Монахи-ямабуси первым делом потребовали маленькое зеркальце, затем исписали его защитными талисманами и прикрепили над входом в комнату, где должен был совершиться обряд. Господин Ивая тут же негромко отметил, что злые духи, очевидно, будут женского пола, раз им понадобилось зеркало.

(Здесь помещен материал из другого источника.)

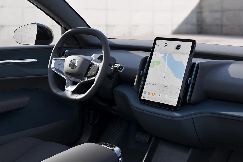 Το ιδιαίτερα «ντιζαϊνάτο» μικρότερο αυτοκίνητο και SUV της Volvo, κερδίζει αμέσως τις εντυπώσεις με το δυναμισμό και τη στιβαρότητα που αποπνέει εξωτερικά. Το κόμπακτ διαστάσεων αμάξωμά του έχει μήκος 4.233 χλστ., πλάτος 1.838 χλστ., ύψος 1.550 χλστ. και μεταξόνιο 2.650 χλστ. Το εσωτερικό του είναι ο ορισμός του μινιμάλ σχεδιασμού. Όλες σχεδόν οι λειτουργίες του αυτοκινήτου γίνονται μέσω της μεγάλης κεντρικά τοποθετημένης οθόνης αφής υψηλής ευκρίνειας 12,3 ιντσών. Αυτή προσφέρει άμεση επισκόπηση και έλεγχο των πληροφοριών του οδηγού, της πλοήγησης, της ψυχαγωγίας, του κλιματισμού, των εφαρμογών στο αυτοκίνητο, του τηλεφώνου, των καμερών υποβοήθησης στάθμευσης και άλλων λειτουργιών υποστήριξης. Στο προσεγμένο σε ποιότητα εσωτερικό του Volvo EX30 θα φιλοξενηθούν τέσσερα άτομα κανονικού αναστήματος, ενώ για τις αποσκευές υπάρχουν 318 λίτρα συν 61 λίτρα κάτω από το δάπεδο του πορτ μπαγκάζ και άλλα 7 λίτρα κάτω από το εμπρός καπό για την αποθήκευση των καλωδίων φόρτισης.

Еще больше он развеселился, когда монахи приспустили свои одеяния и начали рисовать защитные талисманы друг на друге. Хиротаро было неловко перед отшельниками, но поскольку он был единственным зрителем помимо господина Ивая, то ему приходилось выслушивать его шутливые замечания, которые тот с абсолютно бесстрастным лицом шептал ему на ухо.
– Спорим, что им щекотно, – бормотал господин Ивая. – Просто они виду не подают. За те деньги, что они у меня потребовали, я бы тоже согласился, чтобы меня так разрисовали.
Масахиро, который лежал на циновках и терпеливо ждал, когда злые духи покинут наконец его тело, время от времени бросал в сторону Хиротаро и своего отца яростные взгляды, но господин Ивая не унимался. Он шепотом объяснил, что один из монахов собирается покинуть свое тело, чтобы войти в мир духов и как следует отмутузить тамошний сброд. Господин Ивая так и выразился: «отмутузить тамошний сброд». Хиротаро при этих словах едва не прыснул от смеха, но все-таки сумел удержаться. С одной стороны, его очень смешили замечания господина Ивая, но, с другой стороны, ему было искренне жаль своего друга. Масахиро на самом деле верил в могущество монахов-отшельников.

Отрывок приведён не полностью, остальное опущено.